Second article de la série de deux consacrés à Claude Noizat.

Claude Noizat, militant socialiste, avait rejoint spectaculairement le parti communiste en 1925.

Mais Claude Noizat revient très vite sur sa rupture avec la SFIO car, dès octobre 1925, il siège à nouveau dans le bureau de la section socialiste SFIO de Joinville en tant que délégué à la Fédération de la Seine ; Georges Roger est secrétaire et Eugène Meslin trésorier.

Il plaide pour un rapprochement des socialistes et des communistes, s’exprimant, en tant que membre de la SFIO, dans l’hebdomadaire l'Étincelle (1926/07/03) : « Je dis qu'il est criminel de ne pas réaliser le front unique de tous ceux qui ne veulent pas que le travail, seule valeur qui compte soit, traité comme une marchandise à la foire, qui ne veulent pas que les quelques avantages obtenus soient considérés comme nuls et qui estiment que seuls ceux qui produisent ont droit à la vie en partant du principe irréfutable : qui ne travaille pas, ne mange pas ».

À plusieurs reprises, Noizat participe à des souscriptions en faveur du parti communiste lancées par L’Humanité en 1926 et 1927.

Au cours des années 1930 et 1931, Noizat est actif au sein de la section socialiste joinvillaise. Le 5 avril 1930, il donne une conférence sur l'objection de conscience. Il se présente à la commission exécutive de la Fédération socialiste de la Seine en juin 1930, sur la liste des « camarades ayant approuvé le rapport moral » (qui comprend Jean Zyromski) ; trois autres Joinvillais figurent sur la même liste : Julien Cérignan, Victor Hochet et Gorges Roger.

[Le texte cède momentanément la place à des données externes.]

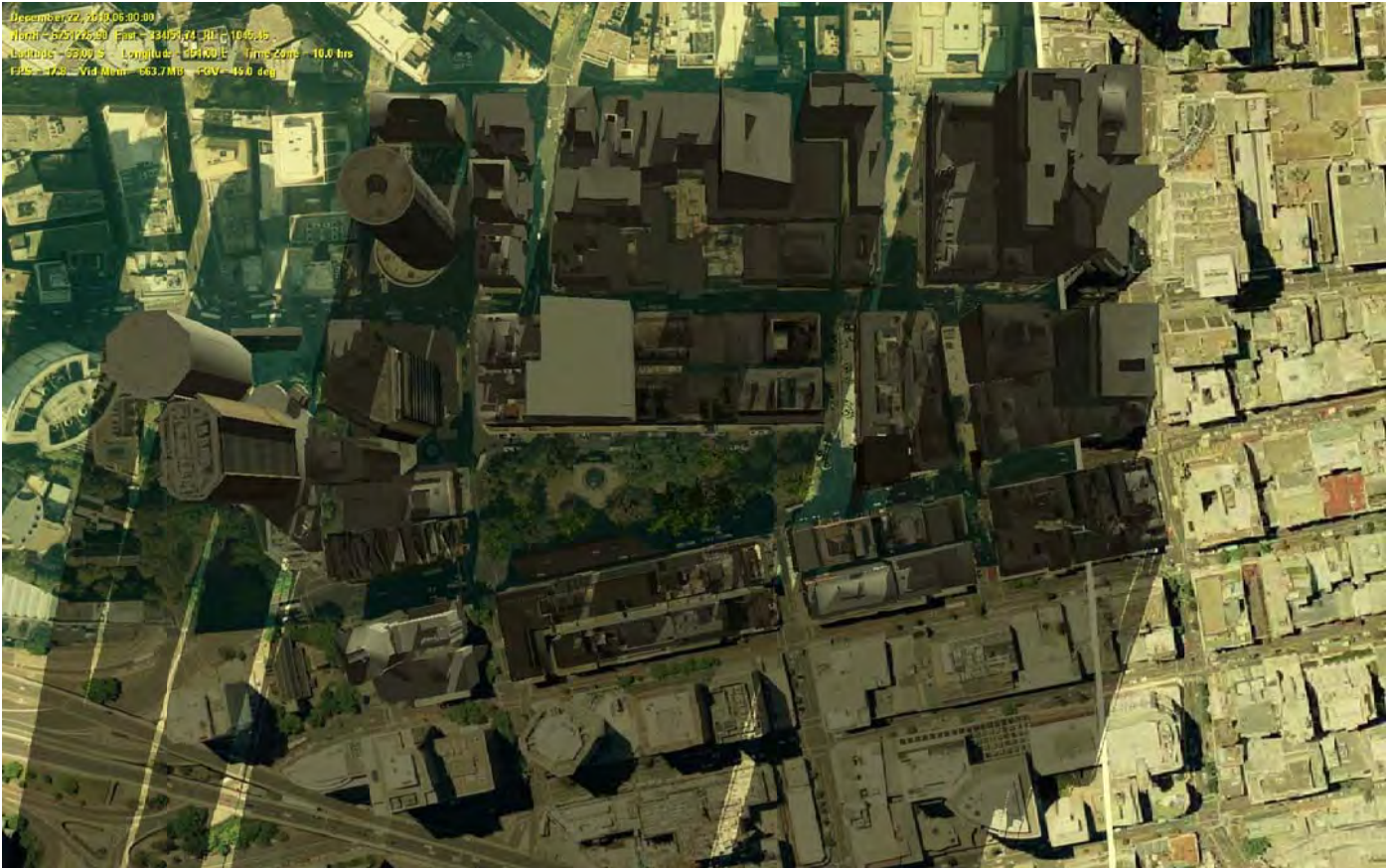
06:00:00 DECEMBER 22, 2010 SHADOW ANALYSIS FOLLOWING COMPLETION OF PROPOSED CITY ONE PROJECT

Devenu rédacteur pour l’hebdomadaire de centre-droit, la Gazette de l’Est, Claude Noizat va se présenter comme candidat indépendant lors des élections municipales de mai 1935. Sa candidature est saluée par le journal La Réaction, qui se présent comme « organe royaliste de la banlieue Est », daté de mai 1935 : « Un indépendant que nous ne connaissons pas, M. Claude Noizat, se réclame de l’esprit du 6 février. Il a affiché des dessins vengeurs du Témoin, de Paul Iribe, mais en trop petit nombre ». Le Témoin, publié par l’illustrateur Paul Iribe, est une revue antiparlementariste et antisémite qui devient particulièrement violente pendant l'affaire Stavisky et les manifestations contre l’Assemblée nationale du 6 février 1934.

Claude Noizat recueille 92 voix sur 2856 suffrages exprimés soit 3,2% pour 3433 inscrits. Il qualifie Georges Briolay, le maire sortant radical-socialiste, et son premier adjoint, Georges Roger, socialiste indépendant, de « Laurel et Hardy » et se réjouit qu’ils soient battus.

L’activité ultérieure et la date de décès de Claude Noizat ne sont pas connues.